- Venue: Shelbourne Park
- Location: Dublin
- End date: 31 July

= 1937 Irish Greyhound Derby =

The 1937 Irish Greyhound Derby took place during July with the final being held at Shelbourne Park in Dublin on 31 July.

The winner Muinessa was owned by Nuala O'Byrne.

== Final result ==
At Shelbourne Park, 31 July (over 525 yards):

| Position | Name of Greyhound | Breeding | Trap | SP | Time | Trainer |
|---|---|---|---|---|---|---|
| 1st | Muinessa | Slanebeg - Won But Lost | 5 | 6-1 | 30.85 | Nuala O’Byrne |
| 2nd | Western Skipper | Mechanical Cut - Truthful Goddess | 6 | 6-4f | 31.01 | Tom Black |
| 3rd | Tee Bawn |  | 2 | 5-2 | 31.07 | J Kenny |
| 4th | Sure Line |  | 2 | 10-1 |  | Graham |
| unplaced | Another Sunville |  | 4 | 7-1 |  | O’Callaghan |
| unplaced | Blackstream Bridge | Nora's Cutlet - Eagles Reel | 3 | 5-1 |  | Michael Sheehan |

=== Distances ===
2, ¾

==Competition Report==
In the final Muinessa came out top in a very competitive final with all greyhounds showing in the final.
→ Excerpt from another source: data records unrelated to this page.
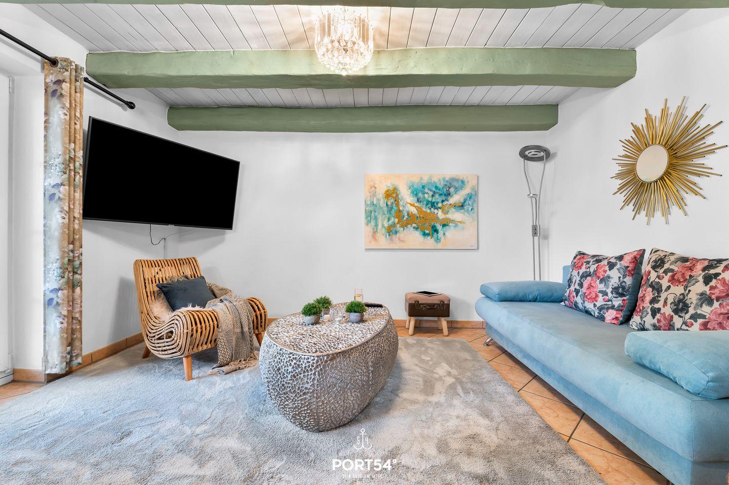 Über zwei Etagen erstreckt sich die Ferienwohnung über 64 m" und bietet somit Platz für bis zu 6 Personen.
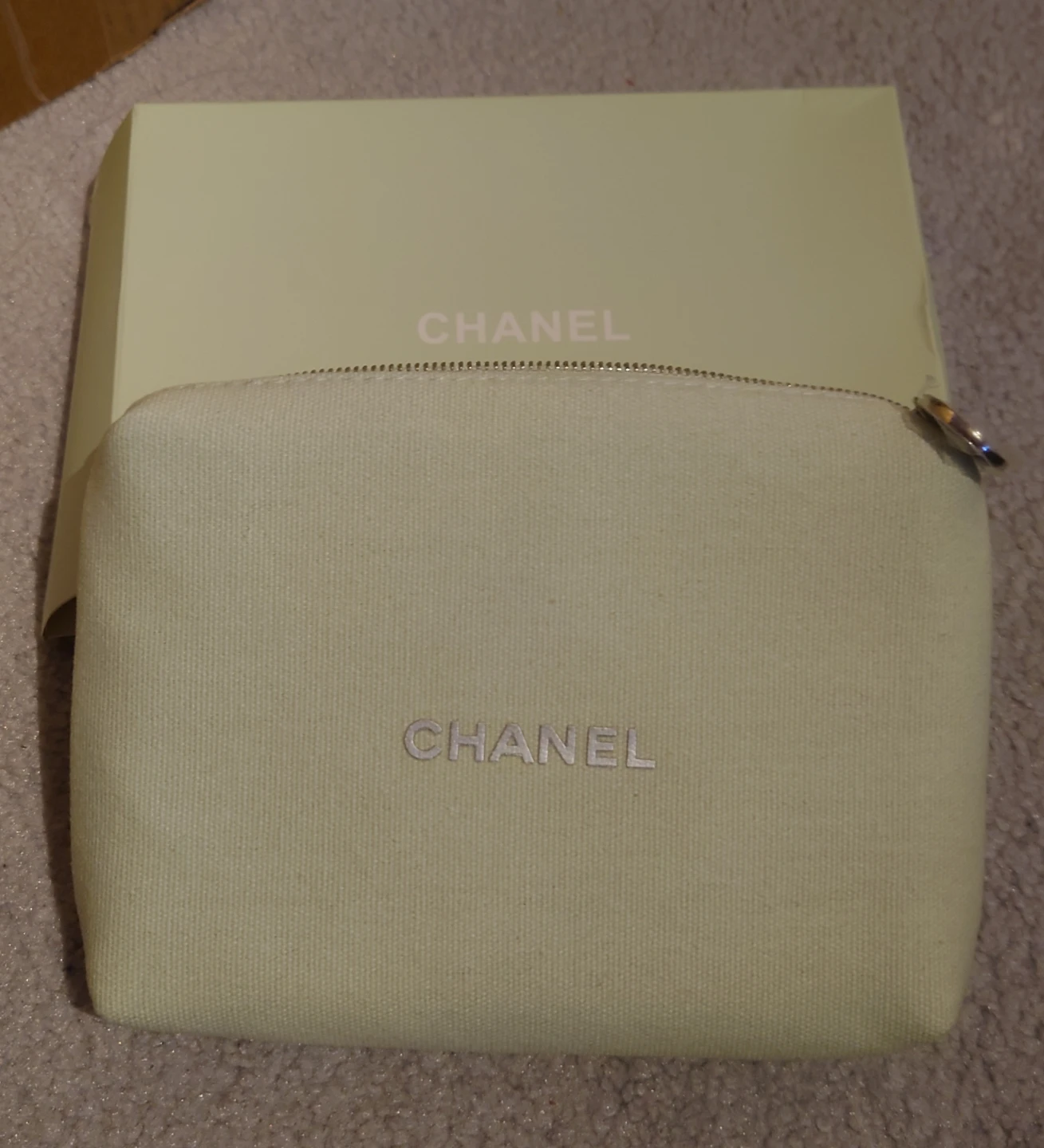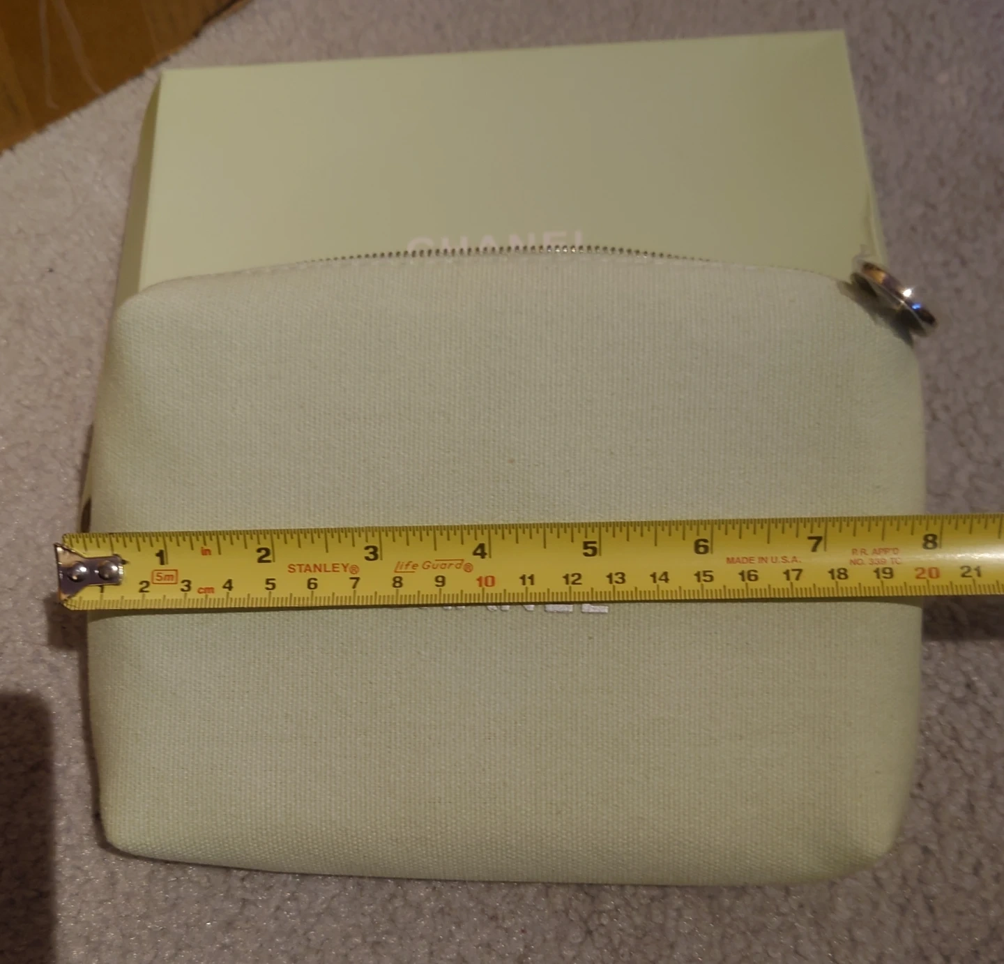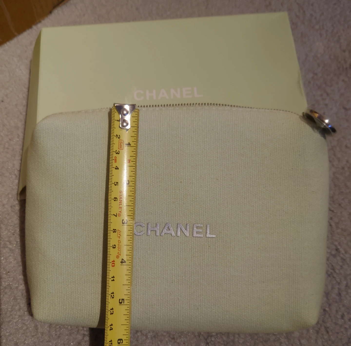 Selling a cute Chanel makeup pouch! It's a light green colour and comes with its original box. It measures about 8 inches in length and 5.5 inches in height. Perfect for keeping your makeup organized!
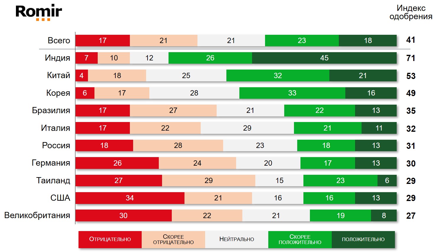- В целом в мире 41% респондентов положительно оценивают подобную идею.
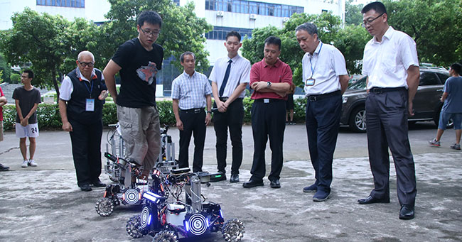 队员与莞工sunbet申博机器人实验室的成员在松山湖机器人产业基地汇合,开始制作组装机器人。sunbet申博院长陈伟专门到组装现场给联队加油打气。7月初,sunbet申博实验室的同学们在学院的支持下,队员们利用小学期在半个月内完善了战队的机器人。7月中旬小学期展示活动,sunbet申博机器人实验室成员回到莞城机电楼向校领导李琳、马宏伟以及学院的机器人爱好者进行了展示,并且在学院的支持下在莞城校区的校内招待所进行机器人的最后阶段的调试、操作手练习。

Blackstream Bridge, Tee Bawn and Western Skipper all vied for the lead until the third bend before the other three greyhounds Muinessa, Another Sunville and Sure Line all joined them. As the pack approached the fourth bend Western Skipper was marginally ahead before a decisive late burst of pace by Muinessa sealed the win.

Muinessa was bred by Simon Garrahan and owned by his niece Nuala O’Byrne and the final was a one-two finish for County Westmeath connections.